BLL has saved me tons of trouble with a bunch of commercial lead bullets that I bought before I found this site. Some were hard-cast; some were Hornady swaged. ALL leaded so badly I gave up shooting several Ruger revolvers (357 & 44 mag) because the cleanup often took an hour each. I had decided that only j-words would be used in those guns henceforth and I definitely wasn't looking forward to re-melting the bullets and trying to turn them into something useful.
Then came this site, where I found out about BLL lube. (The main BLL thread is http://castboolits.gunloads.com/arch...59285-p-1.html) Pretty amazing.
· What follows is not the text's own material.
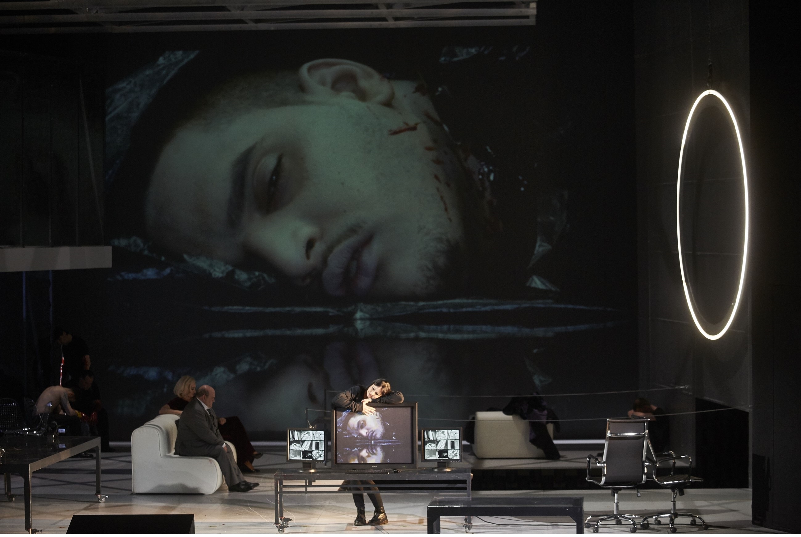 Idéologie de la (vidéo)surveillance, Daech, crise des réfugiés, usage de la torture dans les geôles américaines, tyrannie des médias : ce ne sont que quelques-uns des grands thèmes contemporains que Kirill Serebrennikov met en scène dans sa Salomé, où il n'oublie pas non plus toutes les perversions de la famille la plus dysfonctionnelle de l'histoire de l'opéra. C'est beaucoup, et il faudrait un virtuose pour construire à partir de toutes ces pistes un spectacle cohérent à la hauteur de ses promesses. Comme pour son Barbier de Séville créé à l'automne dernier à la Komische Oper, Serebrennikov se contente hélas d'un vernis contemporain d'où toute ambiguïté est bannie. Il n'a pas beaucoup plus à dire sur ces thèmes que ce qu'en disent les gros titres de la presse à sensation : à force d'accumuler les thèmes et de les traiter de la manière la plus sensationnaliste possible, il tue aussi bien l'émotion que la réflexion et réduit singulièrement la place du théâtre dans ce spectacle, qui ne prend que parcimonieusement appui sur l'opéra qu'il met en scène. Peu importe que l'opéra insiste sur la fascination qu'exerce Jochanaan sur tous ceux qui l'approchent : pendant tout son dialogue avec Salomé, les gardes du palais le torturent avec tout le sadisme possible, façon Abu Ghraïb – le chanteur est relégué en bord de scène, tandis qu'un acteur prend les coups pour lui.

After a couple of hundred rounds I have pretty conclusively determined that 2 coats of BLL applied to the commercial stuff over the top of whatever junk they were lubed with will result in NO leading whatever with any of the three offending guns; and that while using medium power loads based on my very old hot-burning Unique powder.
I am totally back to enjoying the revolvers again. Cleanup consists of 4 passes with a brass brush in each chamber and the barrel to get the rather hard carbon residue out. Outer wipedown and that is it. Cleaning is actually easier and faster than when using jwords, which copper foul in these guns.
I'll also add a side note that it took experimenting and a query to Ben to find out aabout. There is a tendency to think that adding more floor wax to thickened alox will make a thinner and better drying lube. Not necessarily so. One needs to add more paint thinner to the alox to get the proper thinness and drying quality. I have been totally surprised that the paint thinner enhances the drying quality better than trying to do it with the wax.
Kudos to Ben for sharing a really great discovery. New kids on the block -- you really have to try this stuff.